Data excerpt:
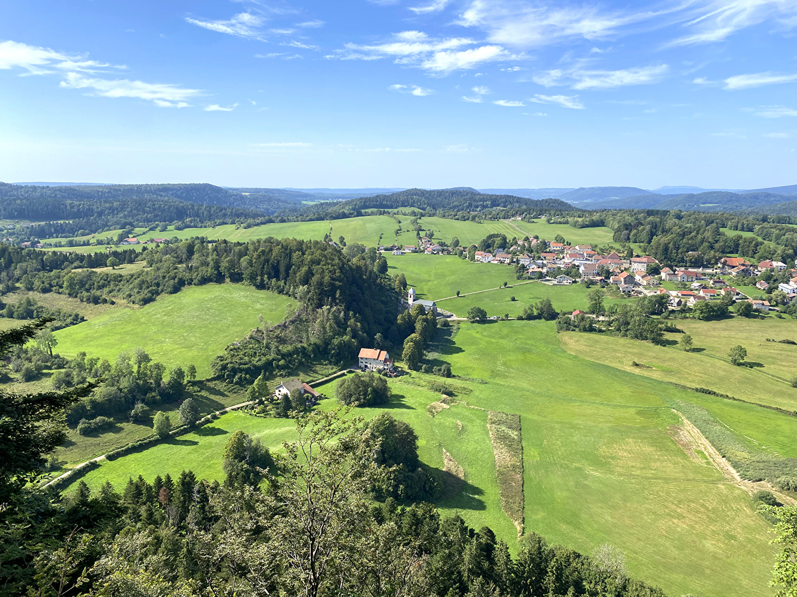 Aménagé sur un éperon rocheux au-dessus du plateau de Chaux-des-Crotenay, le belvédère du Rachet offre une vue grandeur nature sur la forêt de « Derrière Cornu », le rocher de la Baume, les gorges de la Saine et de la Lemme ainsi que le bucolique plateau de Nozeroy, voire sur le mont Rivel par temps clair.
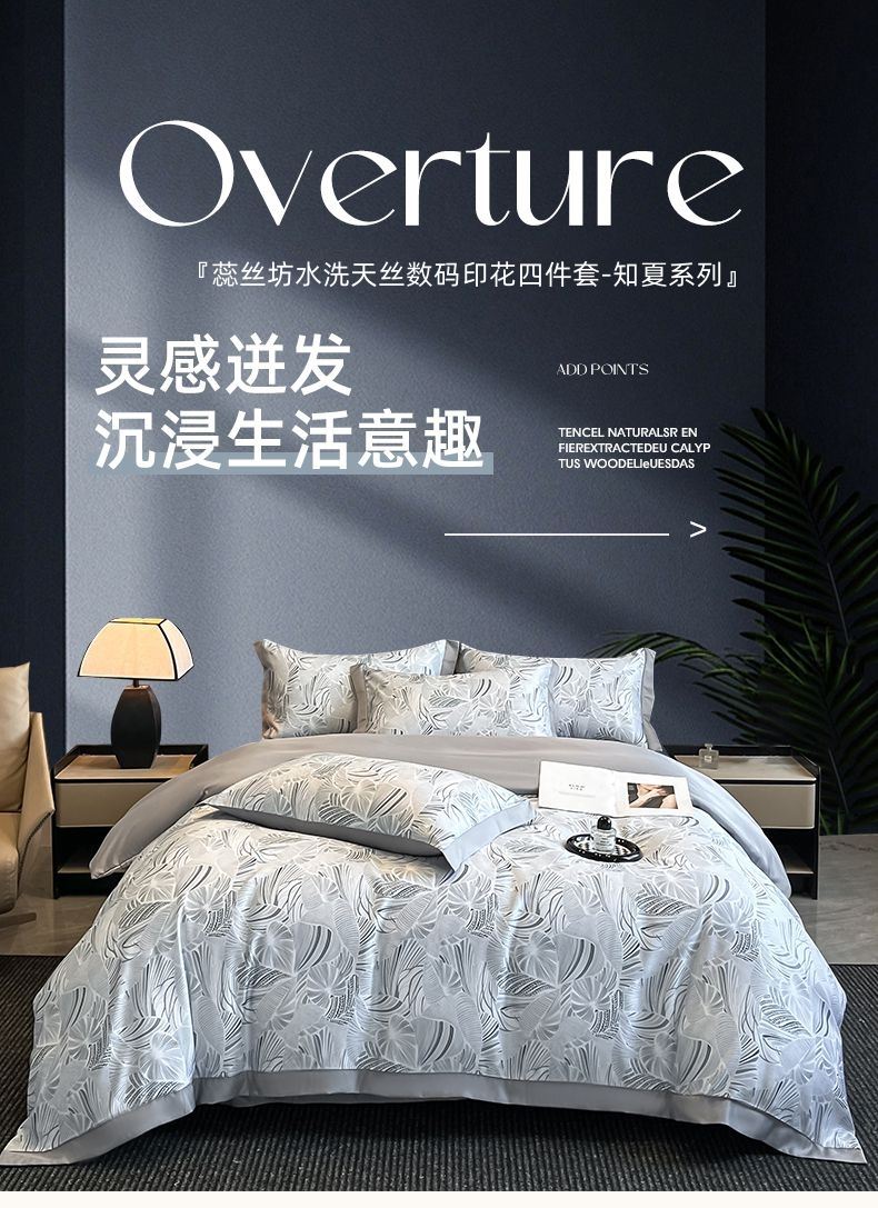 蕊丝坊家纺水洗天丝数码印花四件套-知夏系列
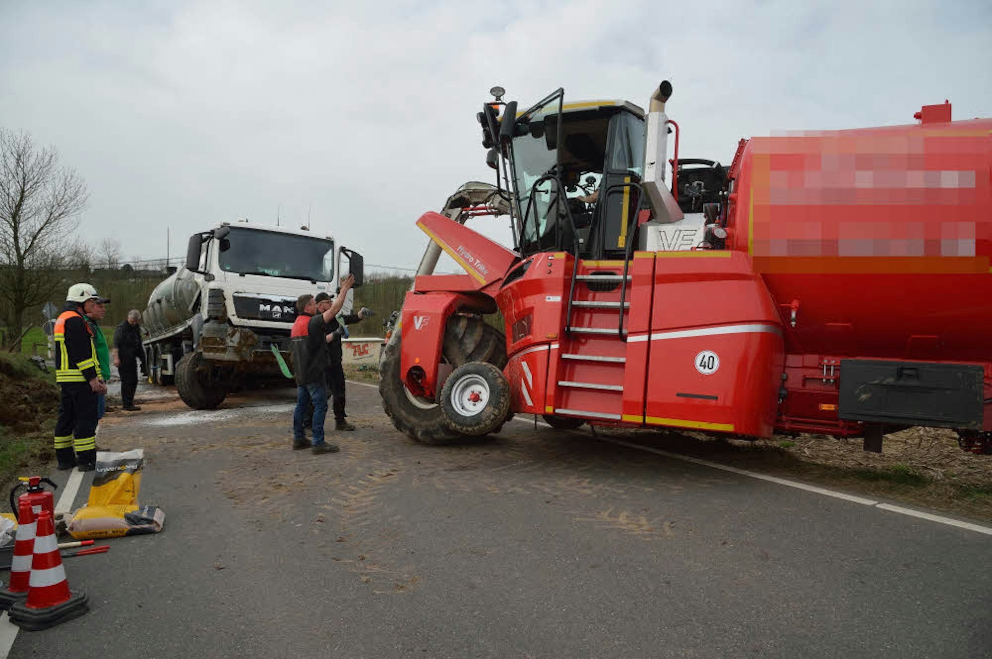 Der Gülletank des Aufliegers sei glücklicherweise nicht geborsten, berichtet Feuerwehrsprecher Marco Bücheler noch an der Unfallstelle. Erst beim Abpumpen der Gülle in einen anderen Tankzug muss ein Ventil geöffnet werden, durch das nach Schätzung der Polizei zwischen 100 und 200 Liter der flüssigen Fracht auf die Straße fließen. Auf dieser haben Mitarbeiter des Lohnunternehmers bereits Erdwälle errichtet, damit die Gülle nicht weiter die Landstraße hinunter in Richtung der nahen Brücke über die Autobahn laufen kann.
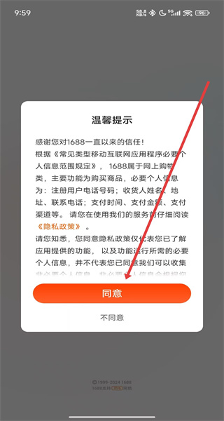 1、打开1688APP,弹出“温馨提示”窗口,点击“同意”。

The problem:
Without any pictures, output exactly the lines from the start of the material through the line that contains "Der Gülletank des", and only those.

The answer:
 Aménagé sur un éperon rocheux au-dessus du plateau de Chaux-des-Crotenay, le belvédère du Rachet offre une vue grandeur nature sur la forêt de « Derrière Cornu », le rocher de la Baume, les gorges de la Saine et de la Lemme ainsi que le bucolique plateau de Nozeroy, voire sur le mont Rivel par temps clair.
 蕊丝坊家纺水洗天丝数码印花四件套-知夏系列
 Der Gülletank des Aufliegers sei glücklicherweise nicht geborsten, berichtet Feuerwehrsprecher Marco Bücheler noch an der Unfallstelle. Erst beim Abpumpen der Gülle in einen anderen Tankzug muss ein Ventil geöffnet werden, durch das nach Schätzung der Polizei zwischen 100 und 200 Liter der flüssigen Fracht auf die Straße fließen. Auf dieser haben Mitarbeiter des Lohnunternehmers bereits Erdwälle errichtet, damit die Gülle nicht weiter die Landstraße hinunter in Richtung der nahen Brücke über die Autobahn laufen kann.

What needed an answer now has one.